Il y a quelques semaines, une délégation américaine se rendait à Carthage, porteuse d’une « gentille » lettre de Joe Biden pour Kais Saied. En l’occurrence, l’opinion publique tunisienne cria-t-elle à « l’immiscion dans nos affaires internes ». Biden appelait en effet Saied à rétablir les institutions (réouverture du Parlement, cela s’entend) et à mettre en place un gouvernement. Said l’a lue, mais sans la renvoyer à l’expéditeur, il a quand même expliqué à ses interlocuteurs qu’il ferait de son mieux.
Cette visite intervenait juste après le coup de fil de Macron, dont n’a pas parlé la page officielle de la Présidence, mais dont il nous a fallu aller sur le site de l’Elysée pour en connaitre la teneur. Le langage, à Paris comme à Washington est le même : rétablir la démocratie et les institutions. Dans les deux cas, le ton est plutôt à l’injonction. Et chacun y va de ses mécanismes à lui. L’Amérique, par la voix même de son ambassadeur en Tunisie, brandit l’argument-massue du FMI. Par ailleurs, très « soucieuse » des équilibres régionaux-dont Tunis est devenue comme par miracle l’épicentre- l’Amérique ne veut pas voir notre pays se désengager du « Printemps arabe », ce Printemps devenu très vite brumeux avec la fulgurante ascension des islamistes. Du côté de l’Elysée, Macron, lui, « dicte » des commandements, comme il le fait avec beaucoup d’affection pour le Liban. Quelque part, cependant, Macron et Biden ne sont pas vraiment d’accord sur les approches. Le souci majeur des Américains est strictement politique. Pour les Français, il s’agit plutôt de technicité. Il reste que les trajectoires géostratégiques des uns et des autres ne sont pas vraiment les mêmes.

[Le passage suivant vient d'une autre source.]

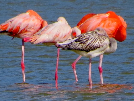 Insgesamt bleiben vier Tage … je länger wir stehen, um so mehr haben sich die Flamingos an uns gewöhnt. Bei ruhigem Verhalten kommen sie bis auf 10 Meter in unsere Nähe. Wir können uns nicht sattsehen … genießen die Meeresbrise und sind froh, daß wir noch einmal hierher gekommen sind !!!

Tunis devient donc un enjeu. Sinon, une plaque-tournante à un expansionnisme qui ne dit pas son nom.
Voilà, maintenant, qu’après avoir réinstallé les talibans à Kaboul, Washington veut réinstaller Ennahdha dans les sphères de la gouvernance en Tunisie. L’inflexible sénateur démocrate Chris Murphy, celui-là même qui s’est déclaré « déçu » de ce que Saied ait prorogé l’état d’exception, ira voir le Président, vraisemblablement pour rééditer les mêmes injonctions. Parce qu’à Washington, le lobbying islamiste est autrement plus percutant qu’à Paris. N’oublions d’ailleurs pas la complainte adressée par Ghannouchi à Biden : « vous nous avez installé au pouvoir en 2011, faites que nous y revenions ». C’est on ne peut plus clair. Et Chris Murphy-comme tous les autres démocrates de son acabit, ceux-là mêmes qui ont créé Daech- ne va pas y aller avec le dos de la cuillère.
Il a même annoncé que cette visite à Tunis s’inscrit dans le cadre d’une tournée dans le Proche-Orient et qui le mènera au Liban, en Israël, en Cisjordanie, en Grèce (est-ce le Moyen-Orient ?) …et en Tunisie (est-ce encore le Moyen-Orient ?).
Comment réagirait Saied ? Si, à la limite, les plans français peuvent être décryptés, ceux de l’Amérique sont sinueux et cyniques…Surtout que Saied n’ y a pas bonne presse : il reste inflexible sur la question palestinienne.